Guide: Redshift Security Guide

Snowflake vs Redshift: Features, Security, and Limitations Compared

This is part of our series of articles about Snowflake security.

In this article, you will learn:

Common Features of Snowflake and Amazon Redshift

Snowflake and Redshift share many common features. For example, both Snowflake and Redshift use a massive parallel processing architecture and are column-oriented. Additionally, both are designed to achieve fast queries on vast amounts of data, to help make data-driven decisions.

Snowflake vs. Redshift: Architecture

Redshift uses clusters as its core component. A cluster can contain one or more compute nodes that store data. The leader node divides the work into several work nodes, with each work node operating in parallel. Each task node has its own storage and computing resources.


Snowflake, on the other hand, keeps storage and calculations independent and stores data centrally, accessible to all computing units. Each compute cluster retrieves and caches data locally for processing.
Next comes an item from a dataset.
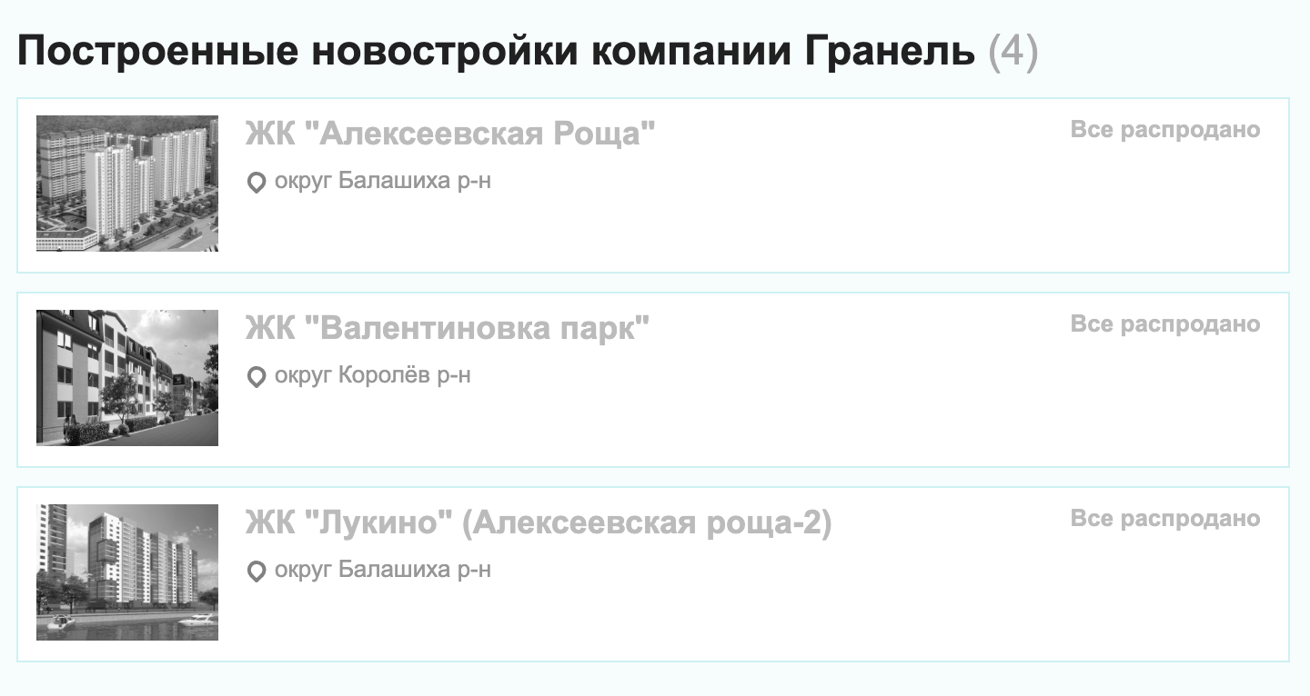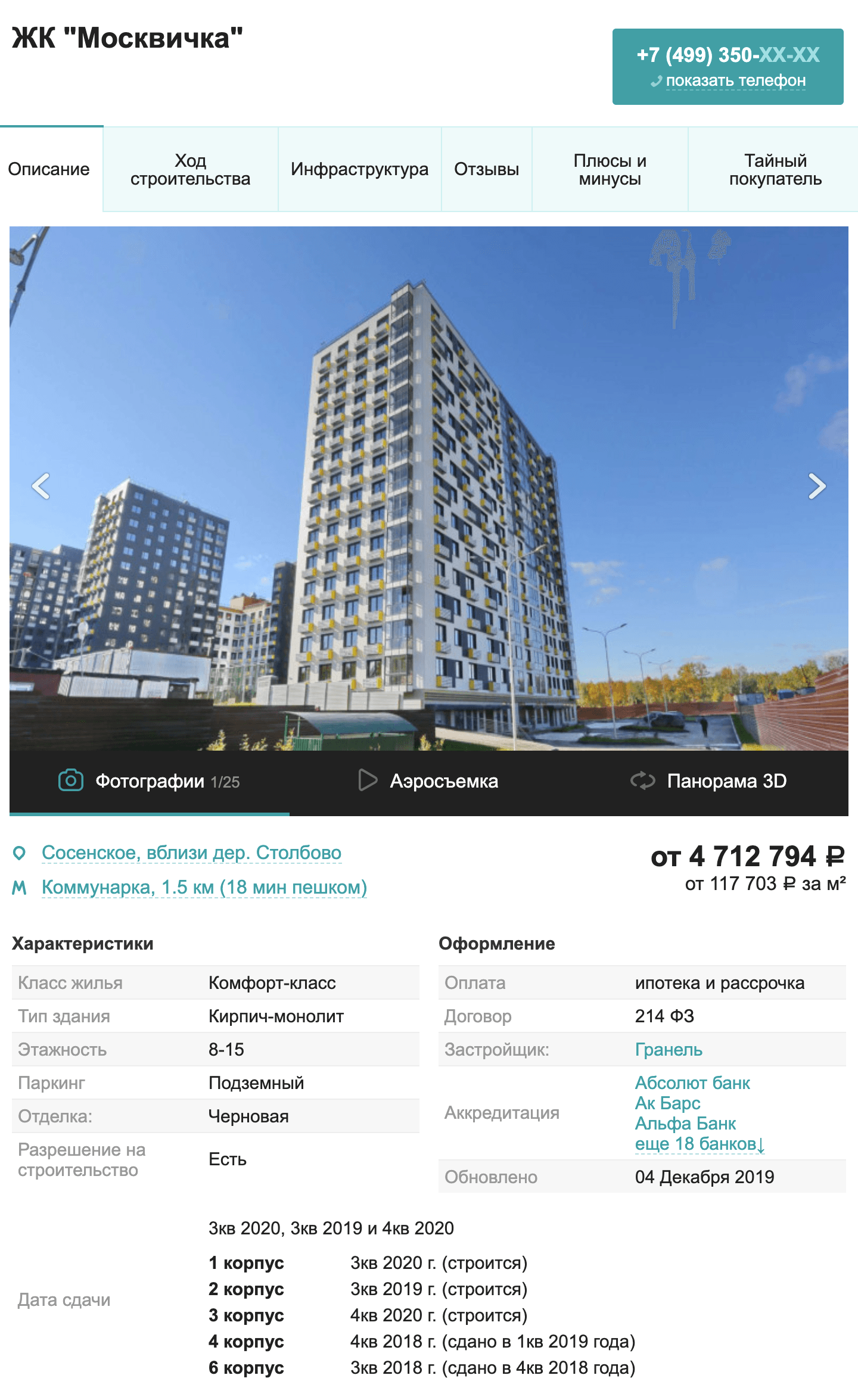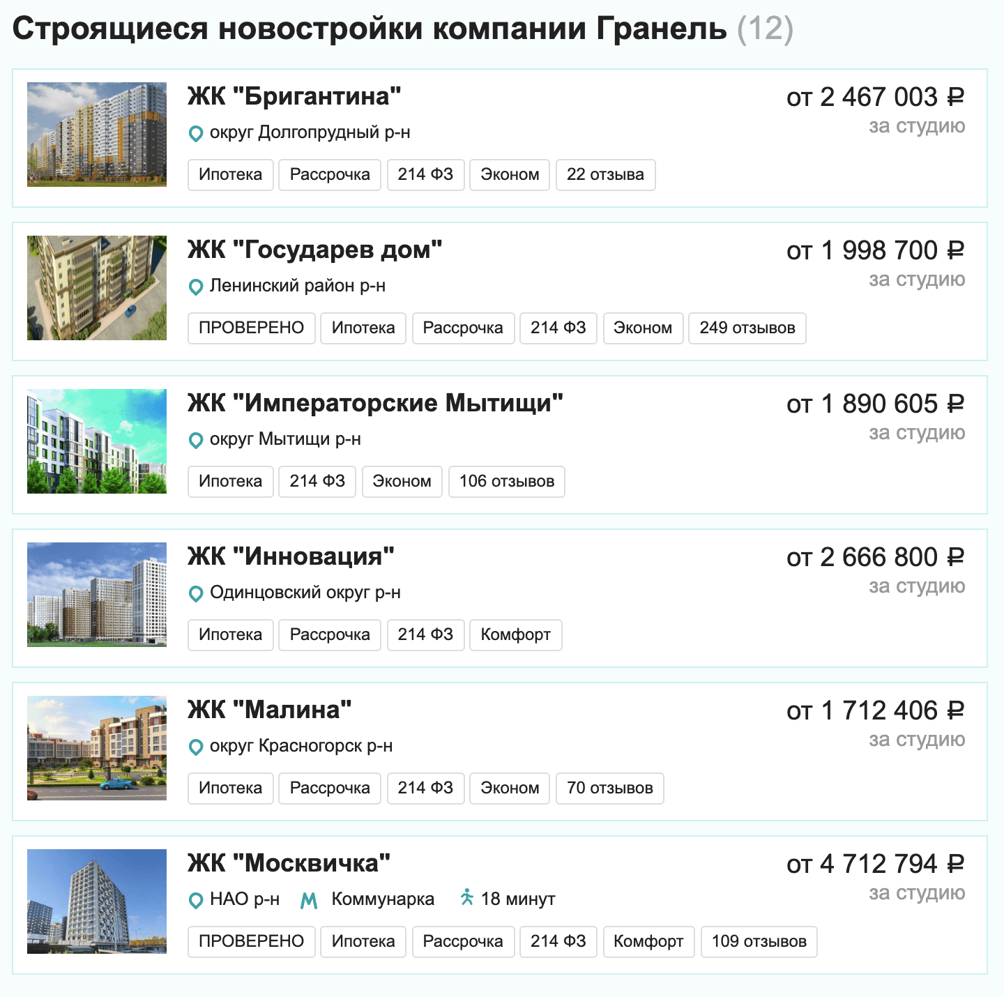 На сайте интересующую новостройку можно найти в поиске или на карте. Кроме основных характеристик новостройки там всегда есть ссылка на застройщика с краткой информацией о компании, датой ее создания и списком строящихся и уже построенных объектов. Я предпочитаю смотреть подобную информацию на справочных сайтах, а не на сайте застройщика, чтобы она была максимально объективна.

The advantage of keeping storage and compute separate is that you can add more compute during performance bottlenecks without affecting existing workloads.

Snowflake vs Redshift Architecture

One of the unique aspects of Snowflake is that it manages data using micro-partition files (16MB in size) on object storage (S3 on Amazon, Blob Storage on Azure). Metadata keeps track of every micro-partition file, and maps logical architecture to physical storage, allowing Snowflake to provide features like cloning Terabyte-size tables in seconds.

Snowflake vs. Redshift: Scalability and Performance

Here is how Snowflake and Redshift compare on scalability and performance:


  • Scaling—Snowflake’s architecture separates computing and storage. This architecture provides you with greater scalability. Redshift can now also separate compute and storage resources, but only if you use the RA3 Nodes. Otherwise, computing and storage are not independent of each other.
  • Performance—according to a benchmark report by Fivetran, there is very little difference between Snowflake and Redshift in terms of performance. The results of this report showed that Redshift’s average time to run 99 queries from the TPC-DS benchmark, on a 1TB dataset, was 8.24 seconds, while Snowflake’s time for the same task was 8.21. Redshift’s average cost for this operation was $0.0746 and Snowflake’s was $0.0729. See our own performance test of Snowflake using the TCP-H benchmark.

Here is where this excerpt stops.